Para Victor D’Elia, advogado responsável pela condução do processo, o resultado reflete a complexidade das negociações e a busca por uma solução capaz de conciliar a preservação da atividade econômica com os interesses dos credores.
“Esta foi uma das recuperações judiciais mais complexas em curso no Estado, não apenas pela dimensão do passivo, superior a R$ 600 milhões, mas principalmente pela natureza dos créditos, pelas garantias envolvidas e pela diversidade de credores. A aprovação em todas as classes demonstra que foi possível construir uma solução equilibrada, capaz de preservar a atividade do grupo e, ao mesmo tempo, considerar os interesses dos credores”, afirma D’Elia.
Credores aprovam novo período de proteção
Além do plano de recuperação, os credores aprovaram, por 73,01% dos créditos presentes e votantes, a concessão de um novo período de proteção de 180 dias.
A medida busca assegurar estabilidade durante a fase inicial de implementação do plano, preservando bens essenciais à atividade produtiva e evitando medidas expropriatórias que possam comprometer a operação e, consequentemente, a capacidade de cumprimento das obrigações assumidas na recuperação.
O resultado da assembleia também evidencia o papel cada vez mais relevante da negociação entre devedores e credores nos processos de recuperação judicial. Em reestruturações de maior complexidade, a construção de soluções consensuais tem se consolidado como instrumento central para compatibilizar a continuidade da atividade empresarial com a recuperação dos créditos.
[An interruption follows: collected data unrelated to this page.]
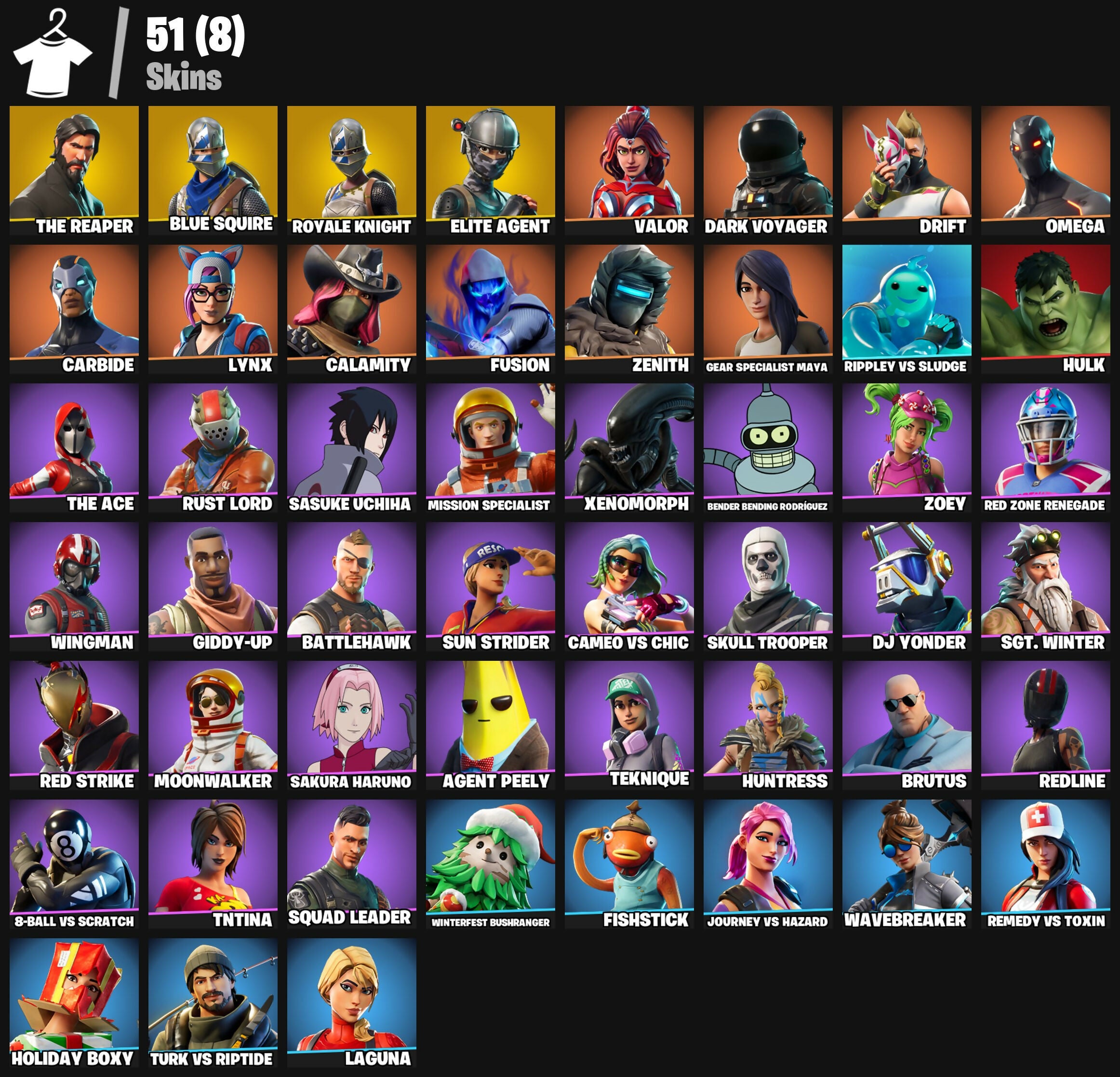 51 skins | The Reaper | Blue Squire | Royale Knight | Elite Agent | Valor | Dark Voyager | Take The L| Omega | 550 VB - [PC/PSN/XBOX]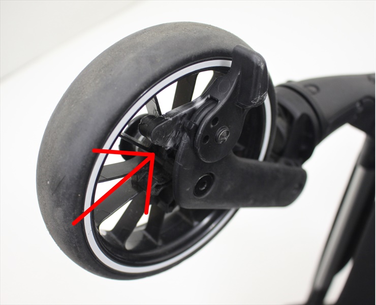 現状のままですと、キャスターロックを解除した状態でも、タイヤのホイールに少し触れてしまいます。(写真の矢印部分です。)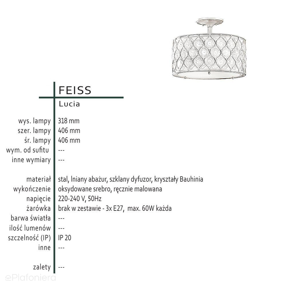 Kryształowa lampa sufitowa 40cm, ręcznie malowana (oksydowane srebro) do sypialni salonu (3xE27) Feiss (lucia)

Nova etapa para o Grupo Nova Fronteira
Com mais de quatro décadas de atuação no agronegócio, o Grupo teve o processamento de sua recuperação judicial deferido em dezembro de 2024 pelo juiz Márcio Guedes, da Vara Especializada de Cuiabá -MT. Na ocasião, o passivo declarado era de R$ 594,3 milhões.
Superada a etapa de deliberação dos credores, o processo entra agora em uma nova fase, voltada à implementação das condições negociadas, ao cumprimento das obrigações previstas no plano e à continuidade das atividades produtivas.
Para João Paulo Marquezam, CEO do Grupo Nova Fronteira, a aprovação representa também uma sinalização ao mercado sobre a continuidade das operações.
“A aprovação passa uma mensagem importante para o mercado: o Grupo Nova Fronteira continua firme na atividade e superou o estado de crise. Depois de um processo longo e de negociações complexas, começa agora uma nova fase, que exige disciplina para cumprir o que foi negociado, manter a produção e reconstruir a relação de confiança com credores, fornecedores e parceiros comerciais”, afirma.
Atualmente, o grupo possui 25 mil hectares de área própria, dos quais 6 mil hectares são destinados ao cultivo de soja, além de estrutura com capacidade para 40 mil animais, entre pastagens e confinamento.
A manutenção dessa estrutura produtiva será um dos principais pilares da nova etapa da reestruturação, ao sustentar a geração de caixa necessária para a continuidade das operações e o cumprimento das obrigações estabelecidas no plano de recuperação judicial.